◆ **Records from a collection**
----------------------------------------

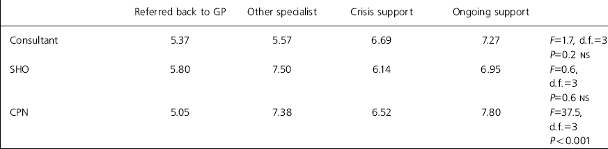 The consultants saw a significantly higher proportion of patients with a diagnosis of psychosis (10% compared to the overall average of 3%, χ2=11.9, d.f.=2, P=0.003). However, there were no other significant differences in the diagnoses of the patients seen by the consultants, SHOs or CPNs. The mean HoNOS—4 scores were highest for the patients seen by the consultant psychiatrists, 6.67 compared to 6.37 for the patients seen by the SHOs and 6.43 for the patients seen by the CPNs, but these differences were not statistically significant (F=0.34, d.f.=2, P=0.71, NS). The overall proportion of patients given ongoing support by one or more members of the CMHTs ranged from 35% for the patients seen by the consultant psychiatrists to 25% for the patients seen by the CPNs. Patients seen by SHOs were by far the most likely to be given short-term crisis support (see Table 1).
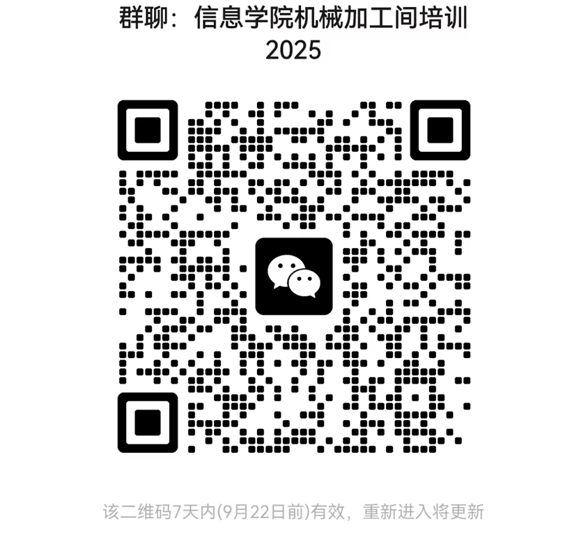 请有意参加培训的老师或同学扫描下方二维码加入到信息学院机械加工间培训群,后续通知将在微信群内发布。
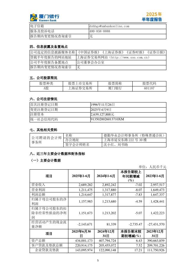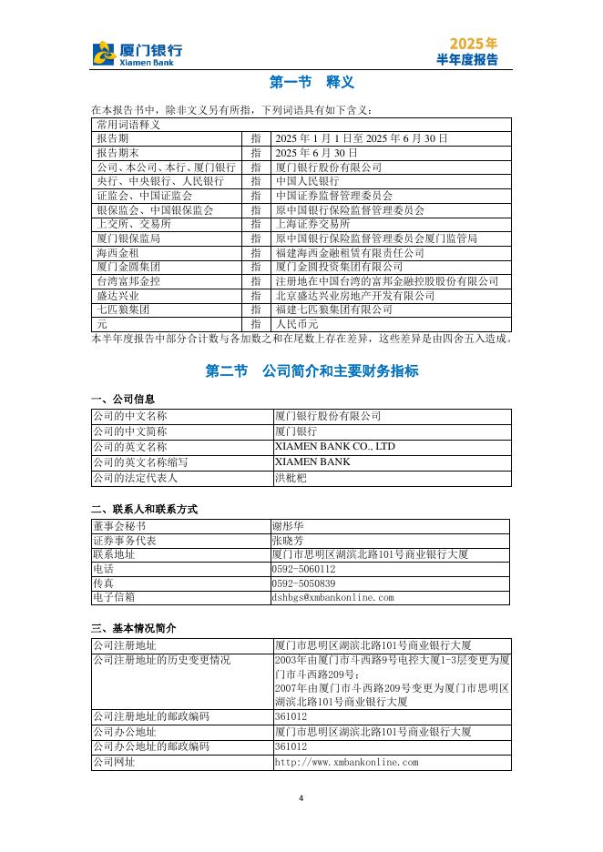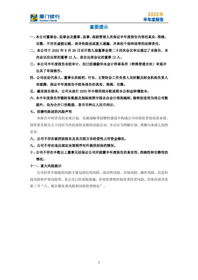 601187-厦门银行:厦门银行股份有限公司2025年半年度报告.pdf
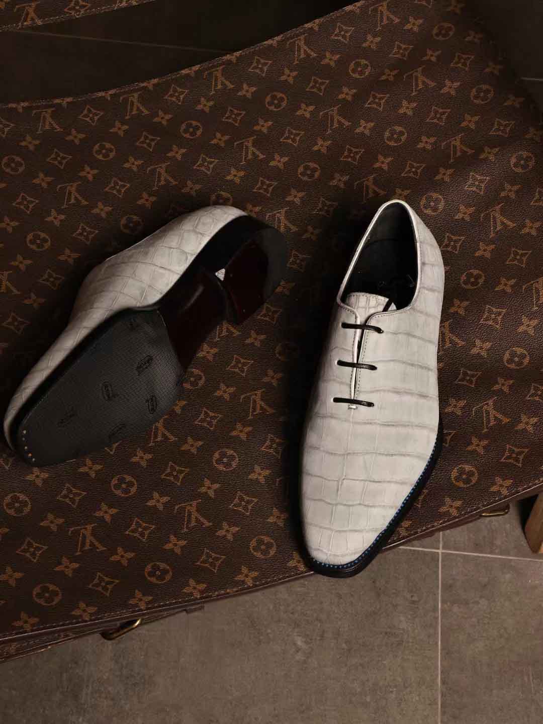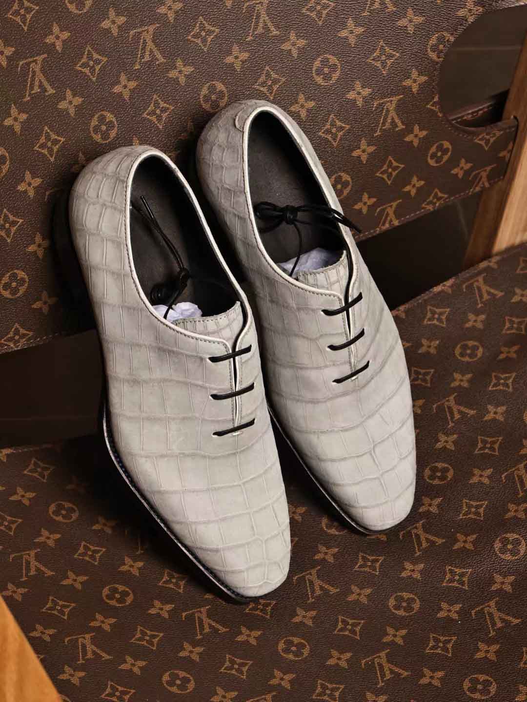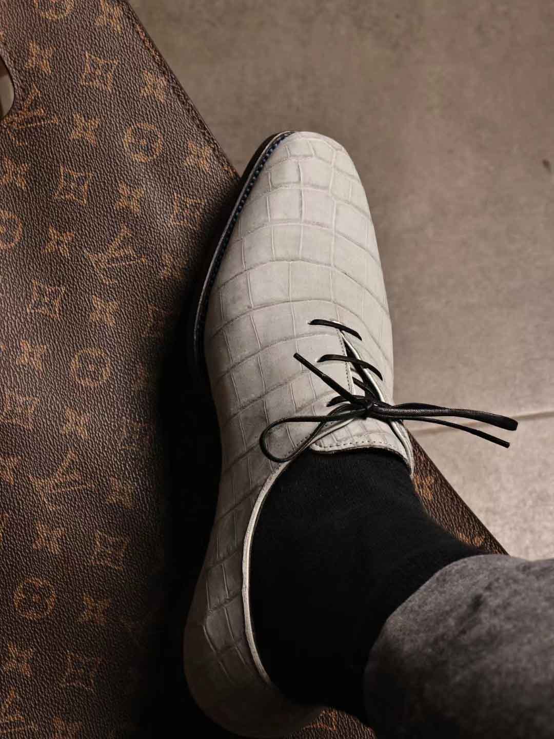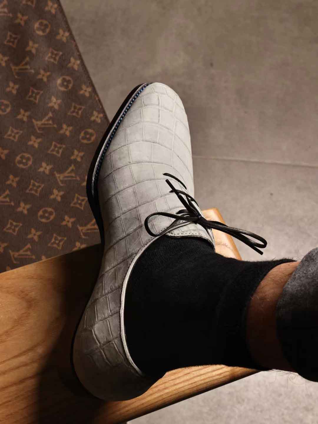 一片式牛津鞋,灰白色磨砂鳄鱼皮皮,客订出。可以预约订做其他颜色鳄鱼皮皮鞋,也可以定做鳄鱼皮其他款式皮鞋微信联系95506803
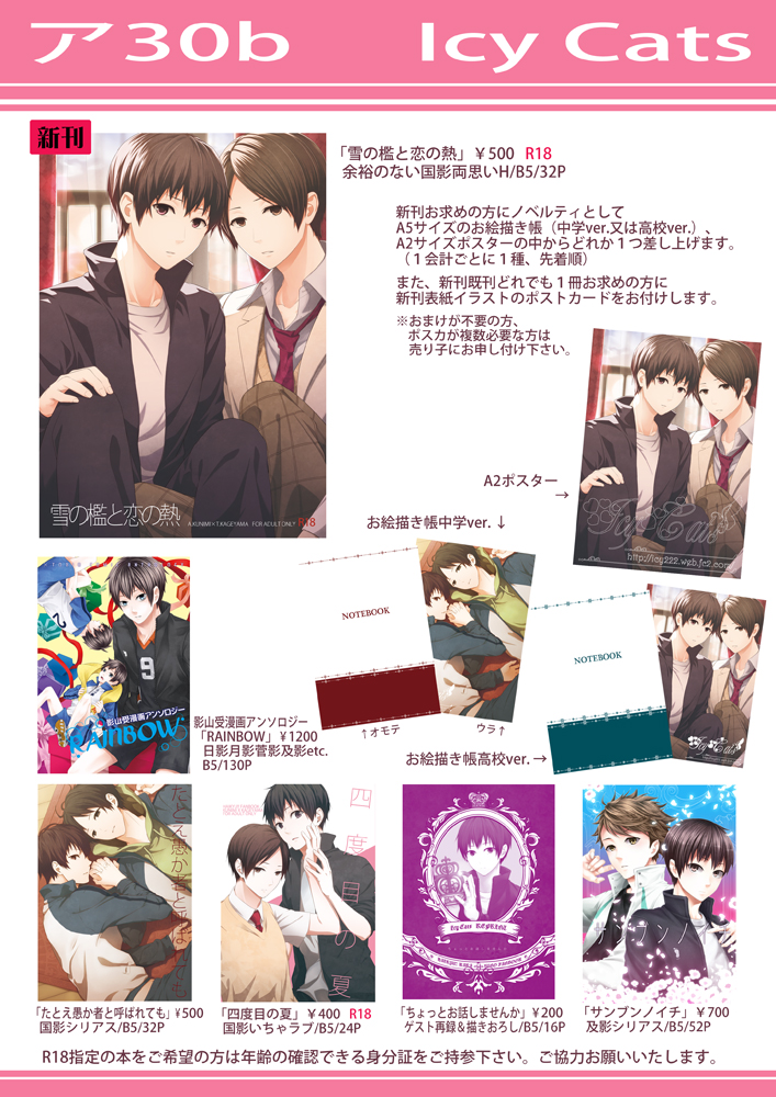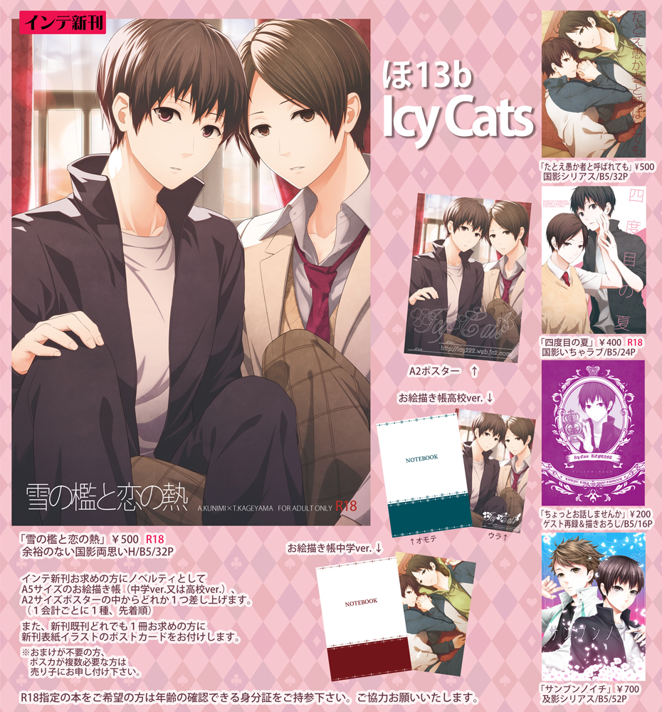 インテの新刊(「雪の檻と恋の熱」500円)お求めの方にA5サイズのお絵描き帳(中学バージョンか高校バージョンどちらか)もしくはA2サイズのポスターをお付け致します(1会計ごとに1種まで)。

----------------------------------------

Copy out the lines above unchanged. Skip the images.

◆ **EXERCISE OUTPUT**
 The consultants saw a significantly higher proportion of patients with a diagnosis of psychosis (10% compared to the overall average of 3%, χ2=11.9, d.f.=2, P=0.003). However, there were no other significant differences in the diagnoses of the patients seen by the consultants, SHOs or CPNs. The mean HoNOS—4 scores were highest for the patients seen by the consultant psychiatrists, 6.67 compared to 6.37 for the patients seen by the SHOs and 6.43 for the patients seen by the CPNs, but these differences were not statistically significant (F=0.34, d.f.=2, P=0.71, NS). The overall proportion of patients given ongoing support by one or more members of the CMHTs ranged from 35% for the patients seen by the consultant psychiatrists to 25% for the patients seen by the CPNs. Patients seen by SHOs were by far the most likely to be given short-term crisis support (see Table 1).
 请有意参加培训的老师或同学扫描下方二维码加入到信息学院机械加工间培训群,后续通知将在微信群内发布。
 601187-厦门银行:厦门银行股份有限公司2025年半年度报告.pdf
 一片式牛津鞋,灰白色磨砂鳄鱼皮皮,客订出。可以预约订做其他颜色鳄鱼皮皮鞋,也可以定做鳄鱼皮其他款式皮鞋微信联系95506803
 インテの新刊(「雪の檻と恋の熱」500円)お求めの方にA5サイズのお絵描き帳(中学バージョンか高校バージョンどちらか)もしくはA2サイズのポスターをお付け致します(1会計ごとに1種まで)。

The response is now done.